Web 2.0 is great for

Standard 3:  Use information creatively

Standard 5:  Creative products

Standard 9:  collaboration

Week 9 #23, copyright

The video on copyright was very informative.  The Disney clips may make it appealing to students.  I found it also posted to Teacher Tube and sent it to some teachers at my school. 

I’m glad I watched the video on Creative Commons.  I have seen websites and photos with CC licensing, but didn’t understand what it meant until now.  It has brought up my awarness, and now I am noticing it a lot more on websites and photos online. 

The comic book was very detailed, and explained a lot I didn’t know about copyright.  I think I will recommend it to a teacher who is making a documentary on our new Arts Academy. 

The CTAP cite has some good resources.  I have bookmarked it in my del.ici.ous account for future reference.

Conclusion

1.  What were your favorite discoveries or exercises on this learning journey?

The most useful tool for me was del.ici.ous.  I use it everyday!  I have also found it useful to search other people’s tags when researching a specific topic.  I wasn’t able to use it with students, because some unsavory suggestions came up.  For example, one of the research topics was Date Rape, and several “how to” sites came up.

The wiki portion came just in time for me to use it to prepare for the CSLA conference in November.  I found the wiki to be a great collaborative tool.  There were so many great resources I would not have discovered if not for this tutorial.  I took me a year to complete, but it was definitely worth it.  Here’s my wiki:

http://riyl.wikispaces.com/

Blog.  I helped a language arts teacher get set up with an edublogs account and have book discussions for their reading of Animal Farm.  She has a very low group of 10th graders who mostly failed 9th grade English and she wanted to get them motivated about the assignments.    Instead of answering questions on worksheets, they had to post answers in the blog and then respond twice to other students.  It took one class period to get everyone signed up.  Almost everyone posted, and the students were more engaged than they would be in a traditional class.    The assignment can be viewed here:  http://denisedare.edublogs.org/  The only drawback was that it was difficult to get time in the computer lab, and the amount of set up time.  Edublogs now has a way that teachers can set up whole classes with blogs.
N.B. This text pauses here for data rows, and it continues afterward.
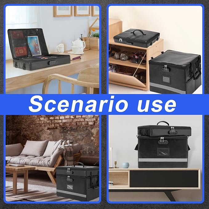 - PORTABLE FIREPROOF STORAGE BOX: Document organizer with lighter and sturdy handles, our fireproof box can be moved and carried more easily. You can use it in many places like home, office, car or outdoor activities. The inside of the filing box is supported by PP material, which is not easy to deform, so you can easily fold or stack multiple boxes together.
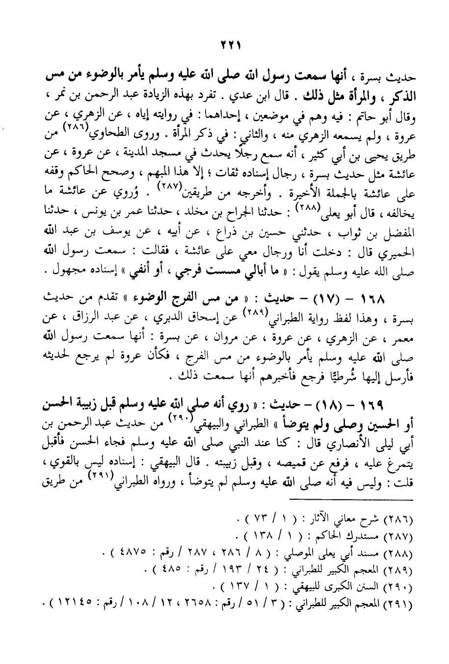 168 - (17) - حَدِيثُ: «مِنْ مَسِّ الْفَرْجِ الْوُضُوءُ» تَقَدَّمَ مِنْ حَدِيثِ بُسْرَةَ، وَهَذَا لَفْظُ رِوَايَةِ الطَّبَرَانِيِّ عَنْ إِسْحَاقَ الدَّبَرِيِّ، عَنْ عَبْدِ الرَّزَّاقِ، عَنْ مَعْمَرٍ، عَنْ الزُّهْرِيِّ، عَنْ عُرْوَةَ، عَنْ مَرْوَانَ، عَنْ «بُسْرَةَ: أَنَّهَا سَمِعَتْ رَسُولَ اللَّهِ - صَلَّى اللَّهُ عَلَيْهِ وَسَلَّمَ - يَأْمُرُ بِالْوُضُوءِ مِنْ مَسِّ الْفَرْجِ» ، فَكَأَنَّ عُرْوَةَ لَمْ يَرْجِعْ لِحَدِيثِهِ فَأَرْسَلَ إلَيْهَا شُرْطِيًّا فَرَجَعَ فَأَخْبَرَهُمْ أَنَّهَا سَمِعَتْ ذَلِكَ.
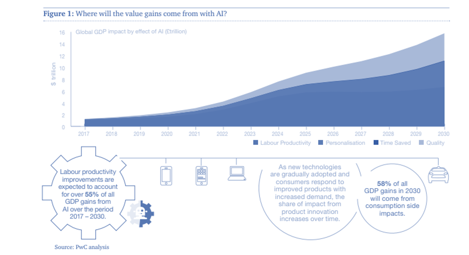 So as AI is adopted, who stands to gain the most? A recent PWC report into the potential of AI predicts that AI will create $6.6 trillion of value in increased productivity in 2030 (and contribute $15.7 trillion to the global economy overall). You can view their breakdown of predicted value creation below:
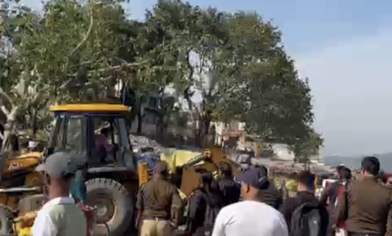 डीएम के निर्देश पर एसडीएम एवं नगर आयुक्त ऋषिकेश के नेतृत्व में चंद्रभागा में अवैध अतिक्रमण ध्वस्त

Photos & Images: photo mashup sites and photo hosting services like Flickr are blocked at school.  I have used it professionally to share photos of my bulletin boards with other librarians.  I love to search library tags to see what other libraries are doing.  They even created a section for Banned Books Week.  Here’s my Flickr page:

http://www.flickr.com/photos/mrsgteach/

 

 

 

 

 

 

2.  How has this program assisted or affected your lifelong learning goals?

This experience really taught me what life-long learning is about.  Even though it was a lot of work and took me a year during nights and weekends, I kept at it without any other reward than the knowledge obtained.  It wasn’t for school credit or anything.  It was just for me. 

3.  Were there any take-a-ways or unexpected outcomes from this program that surprised you?

Definitely.  One of the ideas I posted in the Sandbox wiki ended up being a published article in CSLA Journal.

4.  What could we do differently to improve upon this program’s format or concept?

Nothing!  Anything more would be overwhelming.

5.  If we offered another discovery program like this in the future, would you choose to participate?

Yes, definitely!

6.  How would you describe your learning experience in ONE WORD or in ONE SENTENCE, so we could use your words to promote CSLA learning activities?

I have a lot more in my “toolbox” so that when opportunities arise, I can say to teachers, why not try this?

Week 9, Thing 21 e-books and audiobooks

I love the IDEA of e-books.  Whenever I search the Library of Congress catalogs, I yearn for the library card that would give me access to all the e-books they have available.  Do congressmen really read all those YA books when preparing for their jobs?  What do you have to do to get a card for that place besides get elected?

I saw that my public library has some e-books, but I just couldn’t take staring at the computer screen long enough to finish a whole book.  I also have a few classics on my palm, but I’ve only got to page 56 of the Wizard of Oz while waiting for dental appointments and such.  I’ve seen the Amazon Kindle advertised and the Sony book reader and I know there are people who buy them.  It would be great if students could all be issued one textbook reader and carry all their textbooks in it.  If we can imagine it, it can happen.  Maybe someday??  I hear they are making $100 computers for 3rd world countries.  What about our kids?  $100 is cheaper than the $300 we spend per student on textbooks.  I really think there must be politics and moneymaking coming in the way of the levels of technology we need to use the Web 2.0 technologies in our schools. 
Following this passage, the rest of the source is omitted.